The American Museum of Natural History in New York is marking its 150th anniversary with a multiyear series of events, including programs, exhibitions, and projects. It will conclude the celebrations with the forthcoming opening of the Richard Gilder Center for Science, Education, and Innovation.

The first new exhibition is T. rex: The Ultimate Predator, opening in March 2019. It will feature a life-size model of the dinosaur that is the most scientifically accurate to date. In July, the Arthur Ross Hall of Meteorites will get revitalized, and in October, the museum will host a scientific conference about human genetics. Planned for 2020 are a new Space Show in the Hayden Planetarium (in January) and the re-opening of the Allison and Roberto Mignone Halls of Gems and Minerals (in the fall).

A new website, amnh.org/150, which is now live, encourages people to submit stories, photos, and memories of their visits to the museum.

For more information, read the announcement.

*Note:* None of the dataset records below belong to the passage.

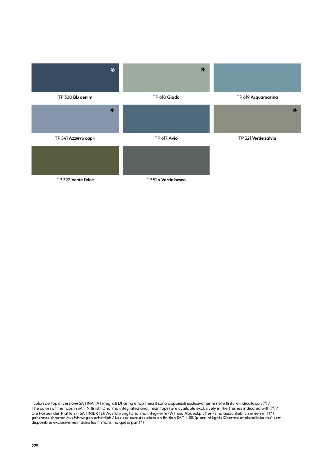I colori dei top in versione SATINATA (integrati Dharma e top lineari) sono disponibili esclusivamente nelle finiture indicate con (*) /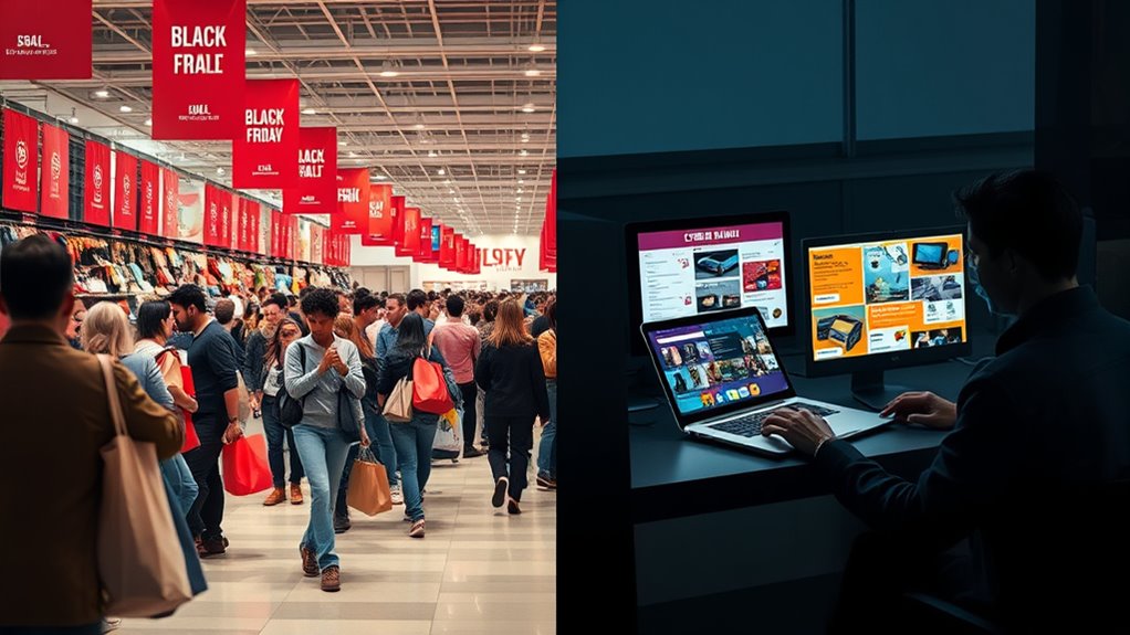 Black Friday happens right after Thanksgiving and focuses on in-store doorbuster deals, often with early morning lines and crowded stores. Cyber Monday takes place the following Monday and emphasizes online shopping from the comfort of your home, offering exclusive deals and quick browsing. Both days kick off the holiday shopping season, but if you prefer physical stores or online shopping, your experience will differ. Keep exploring to uncover more tips for maximizing your savings on these busy shopping days.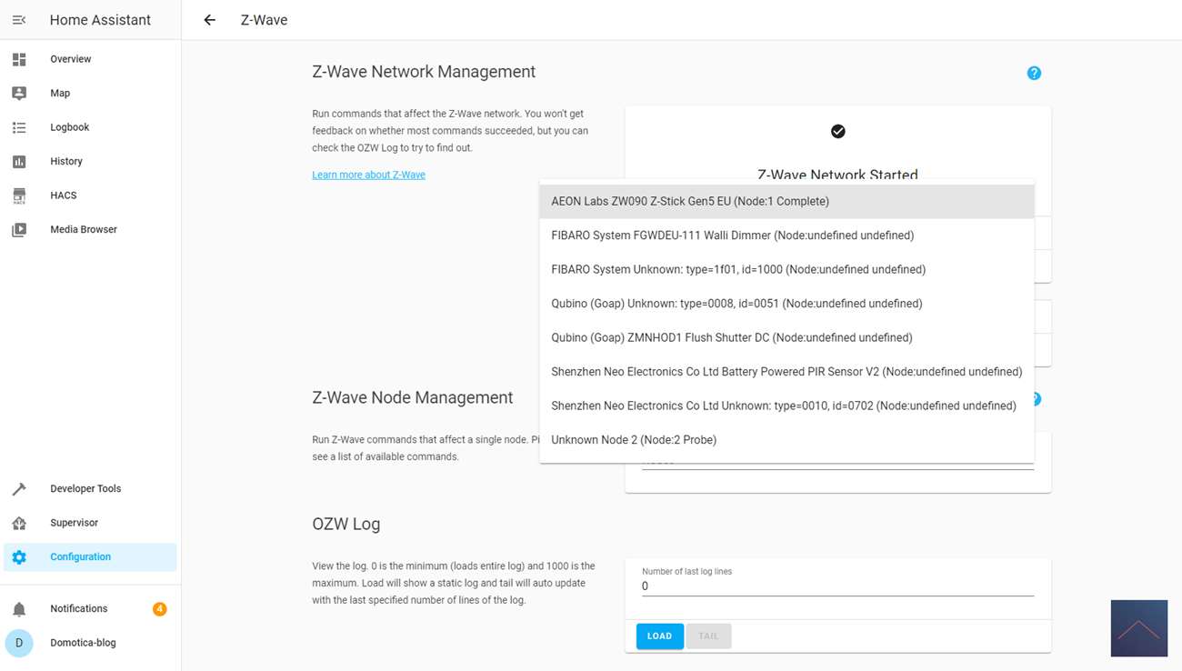 Als laatste controller is HASS aan de beurt. Dit is een gratis software pakket welke je op verschillende hardware kunt installeren. Wij hebben hem draaien op een RPI-3 met een Aeon Labs Z-Wave USB stick om hem toe te voegen. Je kunt het toevoegen starten door naar de configuratie te gaan en hierna op Z-Wave te klikken. Vervolgens klik je op "add node secure" om het toevoegen te starten. HASS geeft een zeer korte melding dat het toevoegen is gestart.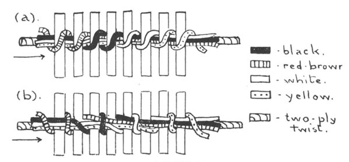 Tāniko has a similar structure to wrapped twining, commonly used with strips of plant material for basketry or net making (see Adovasio, 2010, p. 19; Fig.11a for a schematic of wrapped twining, and Buck, 1925, pp. 61-92 for the development of tāniko). The active weft element twists up over the front of the warp thread and around the passive threads at the back, then through to the front again (See Figure 3). The thread may be twisted in a clockwise, S-twist direction or in an anti-clockwise, Z-twist direction (Blackman, 1998). In addition, a two-ply Z-twist undyed muka thread is carried behind the warp as a passive element to stiffen the fabric and to prevent kinking by pulling to keep the tension even and tight. An expert creates a fabric where all passive threads are covered by the active weft (Buck, 1926). The patterns are made using five components
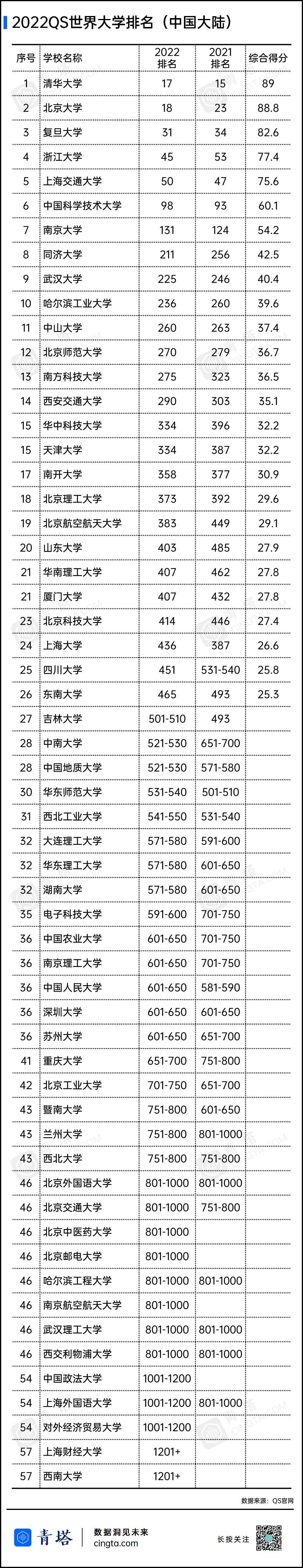 今年的QS世界大學(xué)排行榜共有58所中國(guó)內(nèi)地高校上榜。

ByWater Solutions Expands Funding of Koha to Include New Position

ByWater Solutions is funding another Koha community position, which will be filled by Liz Rea. She has 10-plus years of experience with Koha implementations, development, and support, as well as staff-side usage.

“Support and participation in Koha’s development process is vital to its overall success. We are truly excited to be able [to] support the Koha community in such a tangible way. We believe in financially supporting the advanced technical skills in the Koha community in order to make and maintain Koha as the leader in [the] ILS industry,” says Brendan Gallagher, ByWater Solutions’ CEO.